Hi there, consumer! It’s Danny! From the Make a Wish Foundation! Aren’t chores just a bitch? We the good people at Make a Wish sure think so, which is why we present you Make My Wish: Diseased Kids to do Thine Bidding!
Take Cody, here, for example. Cody is nine years old, hails from Grand Rapids, Michigan, absolutely loves Sesame Street and, best of all, actually has meningitis. Gone unnoticed and untreated for just long enough, the disease permanently damaged Cody’s nerve and brain cells and have brought him all the closer to his untimely death. Of course, this could have easily been avoided had his parents not refused the widely available, affordable, and universally recommended vaccination, but oh well. For just the price of a few cups of coffee an hour, you’ll have the opportunity to bring this shining star in God’s blooper reel back home to do practically anything you’d like! Be it gardening, housekeeping, or straight up using him as a Swiffer Sweeper Dry Sweeping Pad™, he couldn’t care less! Or at all! Because of the meningitis!

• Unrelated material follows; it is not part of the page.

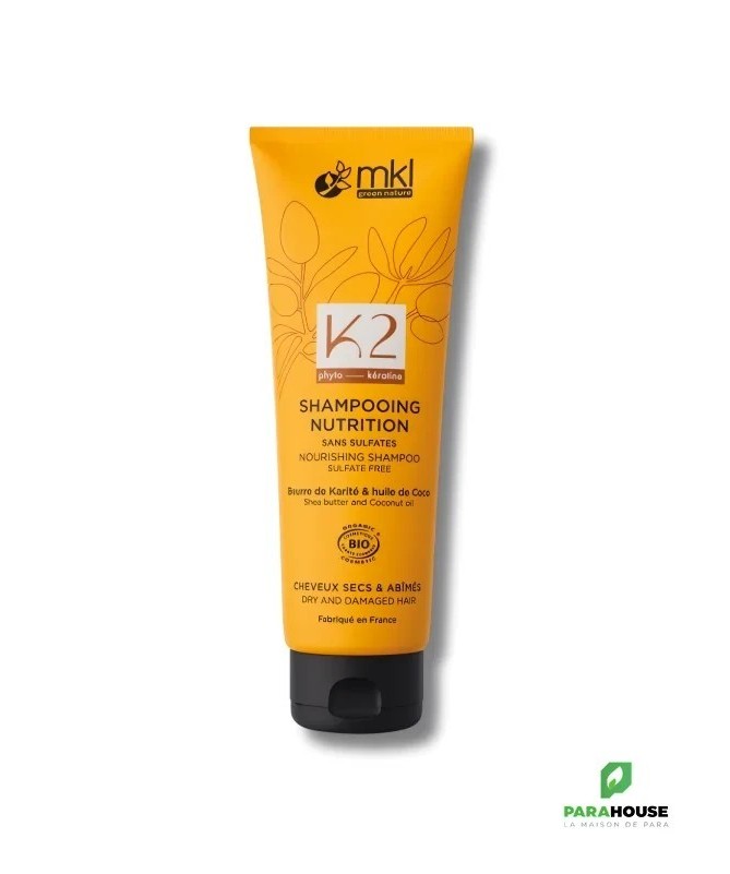 Shampooing Nutrition pour Cheveux Secs et AbîmésLe compagnon idéal pour les cheveux secs, fragilisés ou abîmés. Formulé à 98% d’ingrédients d’origine naturelle et enrichi en phytokératine végétale, il associe la douceur du beurre de karité aux bienfaits des huiles d’argan et de coco bio pour nourrir et revitaliser vos cheveux.Associé au masque et au soin Nutrition, il rend votre chevelure soyeuse, nourrie et pleine de vitalité.IngrédientsAQUA (WATER), DECYL GLUCOSIDE, GLYCERIN, CAPRYLIC/CAPRIC TRIGLYCERIDE, BUTYROSPERMUM PARKII (SHEA) BUTTER*, COCOS NUCIFERA (COCONUT) OIL*, COCO-BETAINE, CETYL ALCOHOL, SODIUM STEAROYL GLUTAMATE, PARFUM (FRAGRANCE), ARGANIA SPINOSA KERNEL OIL*, HYDROLYZED WHEAT PROTEIN, ALOE BARBADENSIS LEAF JUICE POWDER*, XANTHAN GUM, SODIUM BENZOATE, POTASSIUM SORBATE, TOCOPHEROL, CITRIC ACID.*Ingrédients issus de l’agriculture biologique.98% du total est d’ORIGINE NATURELLE.20% du total des ingrédients sont issus de l’AGRICULTURE BIOLOGIQUE.Certifié COSMOS ORGANIC par ECOCERT Greenlife.Conseils d'utilisationAppliquer sur le cuir chevelu et les cheveux. Faire pénétrer, puis mousser et rincer à l’eau claire.À partir de 3 ans. Usage externe. Éviter le contact avec les yeux. En cas de contact, rincer abondamment à l’eau.

Not interested? Fine. Consider Jessica, instead. At just fourteen years old, Jessica has defied all odds and is in the late stages of a resigned fight against terminal dorudocyclenses. Rather than invite teenage heartthrob Noah Centineo to her deathbed, her parents ensured her last moments would be spent toothpicking the gunk out of your crusty xbox controllers, her I.V. bag limp on your linoleum floor. (That’s right, parents! No need to wallow over your money grubbing infected child anymore, mooching, begging you to pay for this or that medical bill with your hard earned money. Now you can turn that ungrateful little eggcorn of a human being into profit!)

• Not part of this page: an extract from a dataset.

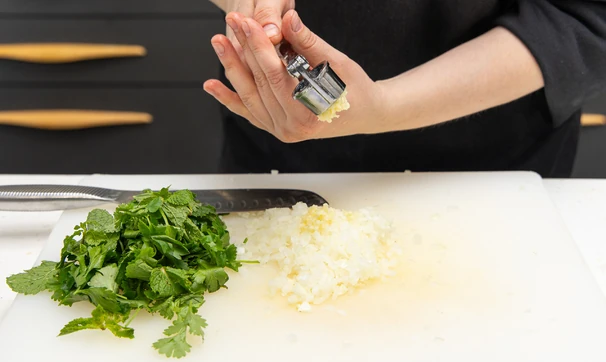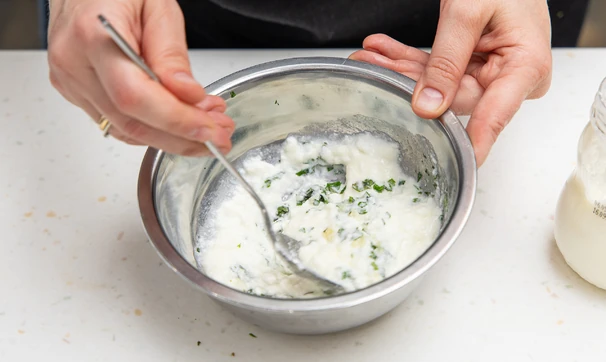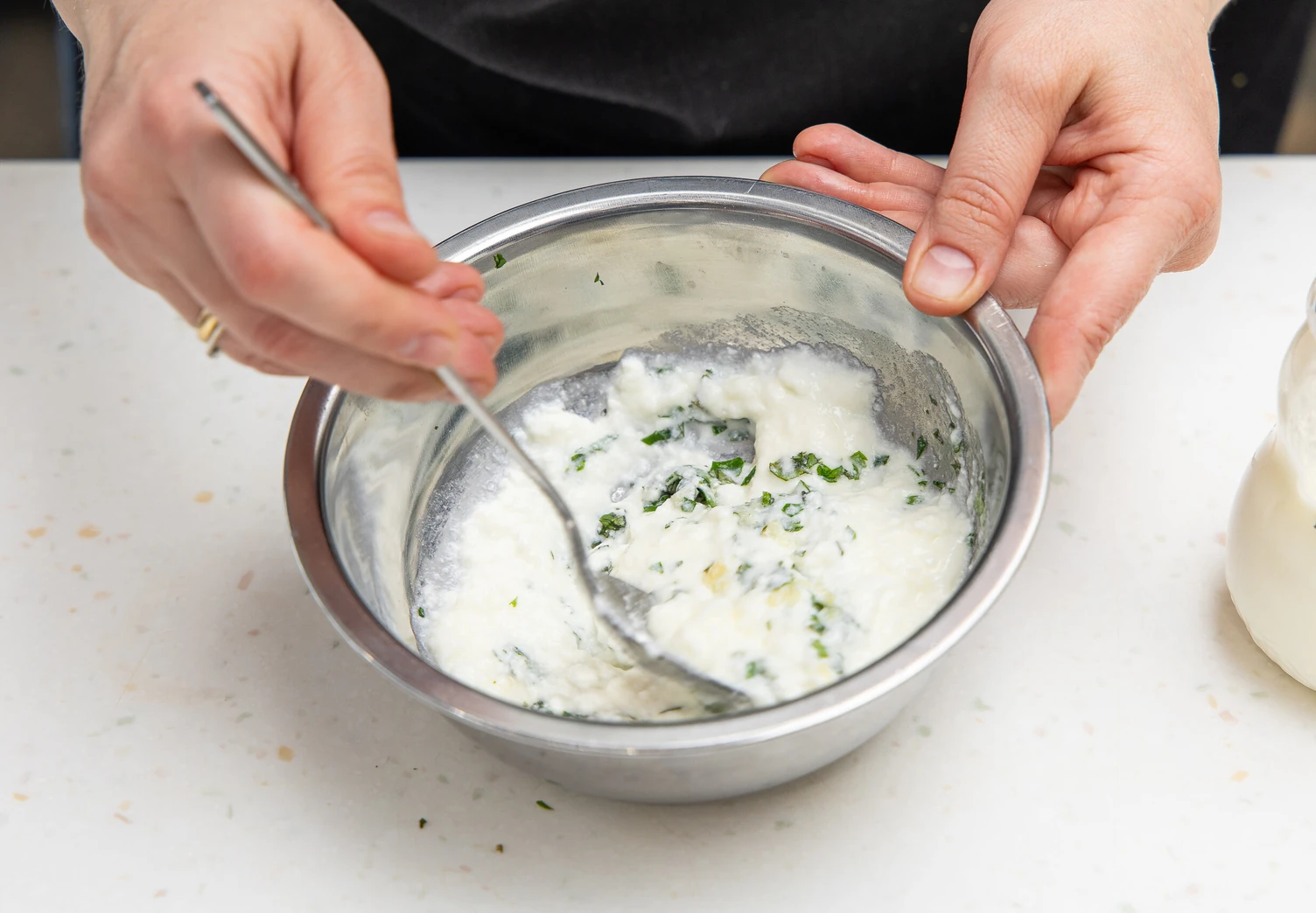 Приготовьте соус. Для этого смешайте мацони с оставшимся измельчённым чесноком и мелко рубленной зеленью.

We here at Make My Wish understand that these generic, do-what-you-will kids aren’t for everyone. We know our most esteemed clients are looking for something… a little bit more particular, but no less valid of course. That is why we are proud to introduce Jacob. Jacob is part of the unlucky motley crew of unwell misfits we here at Make my Wish have put together. Jacob, at the ripe old age of seven, has juvenile idiopathic arthritis. This Benjamin Button freak’s inflammatory autoimmune rheumatoidal disease means he suffers from terrible, and constant, joint pain and swelling. You might think, what does this have to do with me? Well, if you’re willing to splurge a little, we can send you Jacob for any major holiday that revolves around the use of firecrackers. For $250 an hour you can just grab him by his little breadstick legs, swing him around your head, and rejoice as the sounds of hundreds of joints popping fill your room with the spirit of the holidays. When he goes limp, and his merry symphony of snaps, crackles, and pops reaches its final resolution, worry not! We have Timmy right there, ready to take over.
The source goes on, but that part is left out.